**What this task involves:** Which lines below fall between the one containing "Jacek Ukowski ve" and the one containing "BEETHOVEN: VIOLIN CONCERTO"? Repeat them exactly, counting both of those lines, and add nothing else.

**Data:**

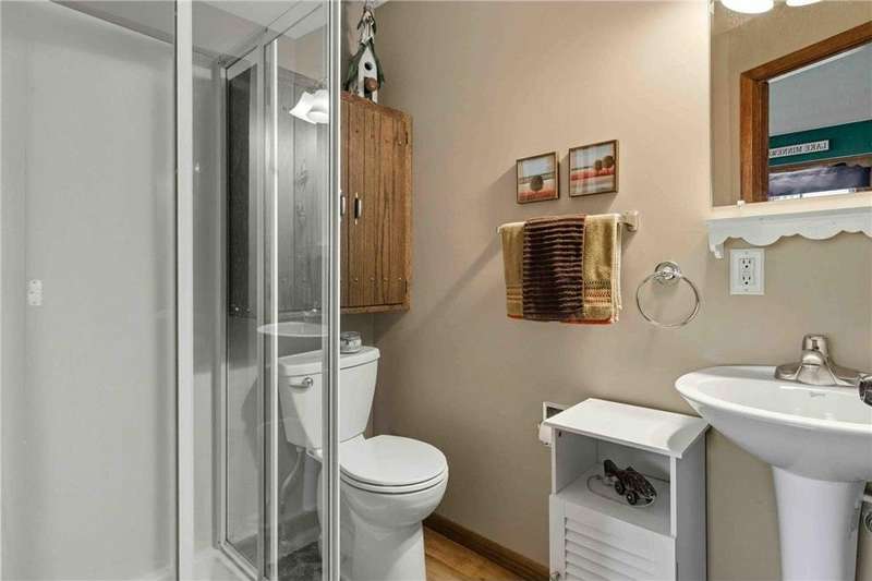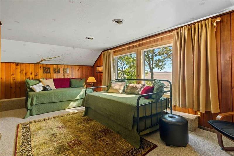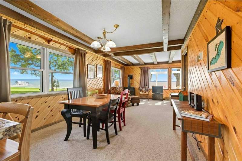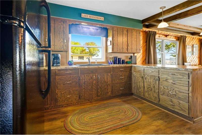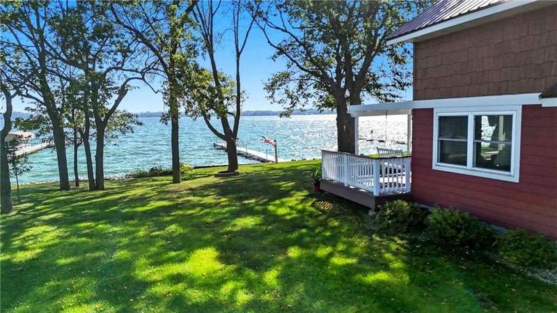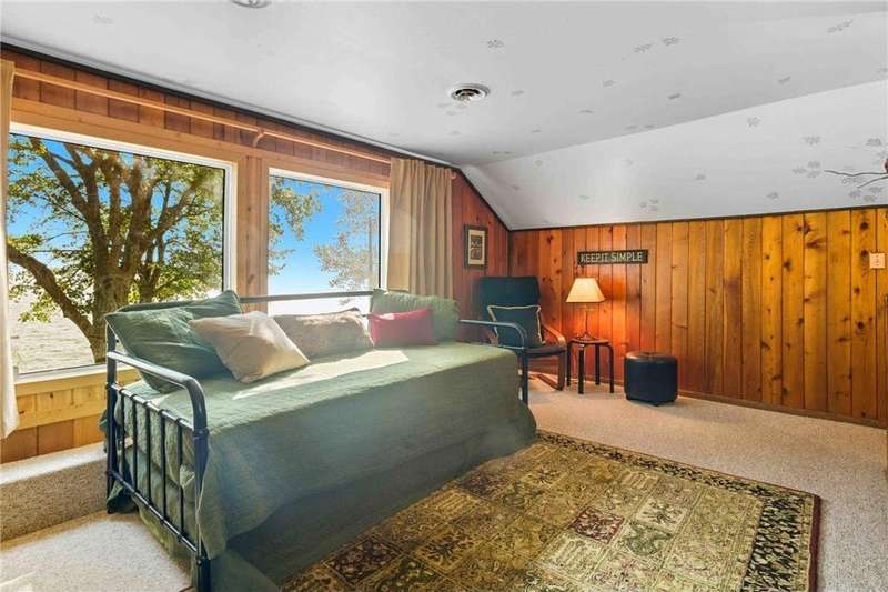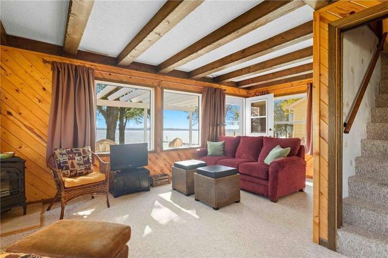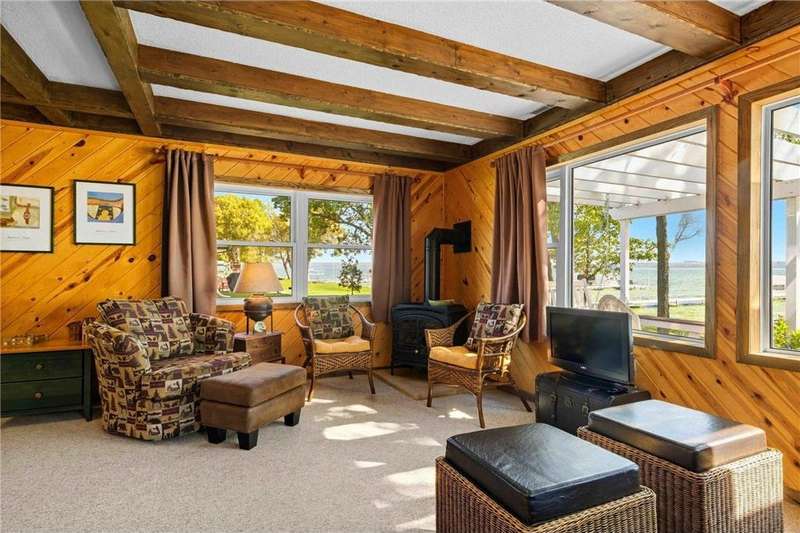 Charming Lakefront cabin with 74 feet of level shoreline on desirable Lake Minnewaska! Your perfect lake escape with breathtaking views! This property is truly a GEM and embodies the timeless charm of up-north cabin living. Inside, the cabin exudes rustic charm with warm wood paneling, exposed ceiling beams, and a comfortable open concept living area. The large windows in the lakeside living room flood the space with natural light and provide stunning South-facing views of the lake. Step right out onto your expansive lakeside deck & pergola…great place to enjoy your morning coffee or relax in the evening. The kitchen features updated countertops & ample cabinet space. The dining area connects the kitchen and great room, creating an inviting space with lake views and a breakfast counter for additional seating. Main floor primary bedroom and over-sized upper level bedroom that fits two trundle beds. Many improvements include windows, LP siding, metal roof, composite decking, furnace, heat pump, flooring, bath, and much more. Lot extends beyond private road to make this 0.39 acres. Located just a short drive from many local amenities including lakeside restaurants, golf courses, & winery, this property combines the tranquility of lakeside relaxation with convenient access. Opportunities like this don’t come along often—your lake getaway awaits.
---
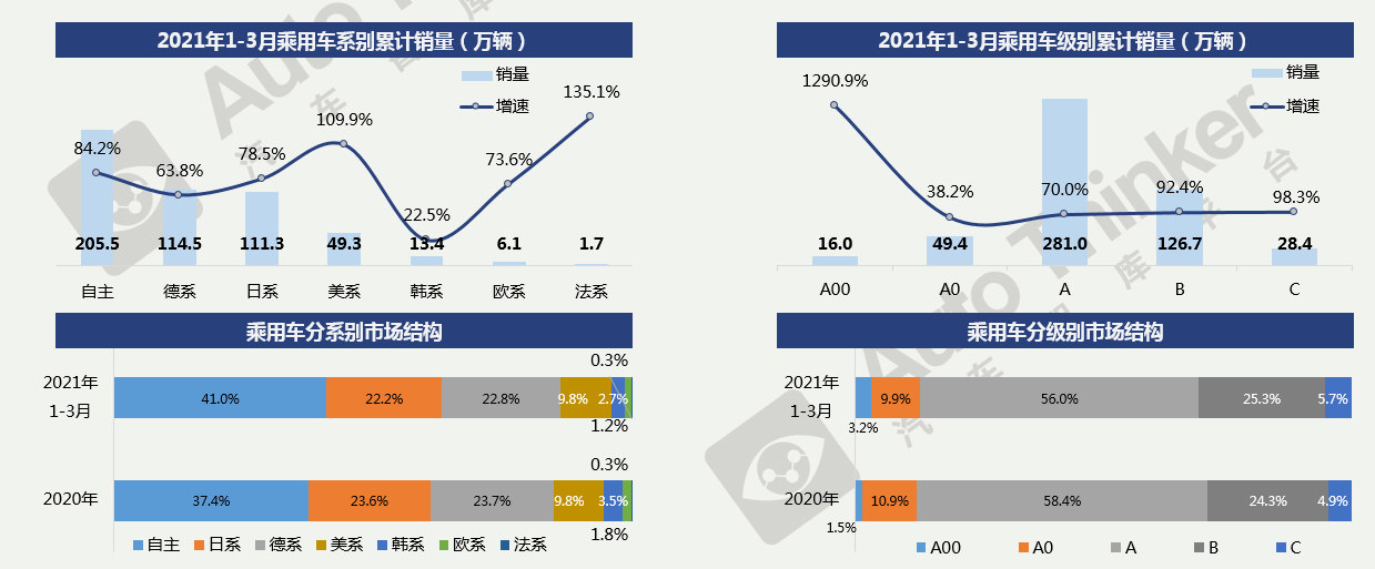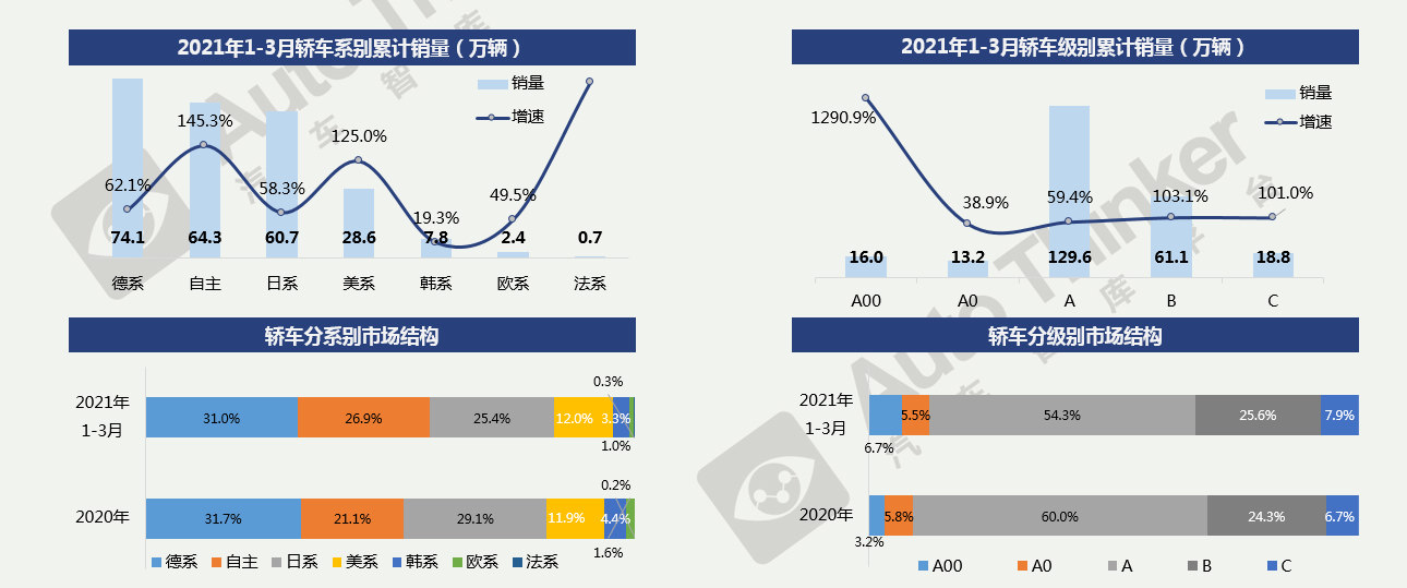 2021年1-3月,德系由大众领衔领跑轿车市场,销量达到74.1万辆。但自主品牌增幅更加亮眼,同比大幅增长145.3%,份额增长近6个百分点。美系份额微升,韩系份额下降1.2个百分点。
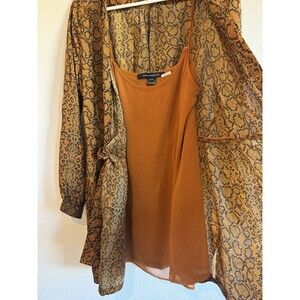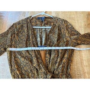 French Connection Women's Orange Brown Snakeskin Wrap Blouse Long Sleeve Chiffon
--
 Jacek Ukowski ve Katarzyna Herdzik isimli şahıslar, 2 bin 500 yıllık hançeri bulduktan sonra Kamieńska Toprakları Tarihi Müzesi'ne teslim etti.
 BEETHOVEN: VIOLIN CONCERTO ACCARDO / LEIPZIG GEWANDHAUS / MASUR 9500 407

**Your solution:**
 Jacek Ukowski ve Katarzyna Herdzik isimli şahıslar, 2 bin 500 yıllık hançeri bulduktan sonra Kamieńska Toprakları Tarihi Müzesi'ne teslim etti.
 BEETHOVEN: VIOLIN CONCERTO ACCARDO / LEIPZIG GEWANDHAUS / MASUR 9500 407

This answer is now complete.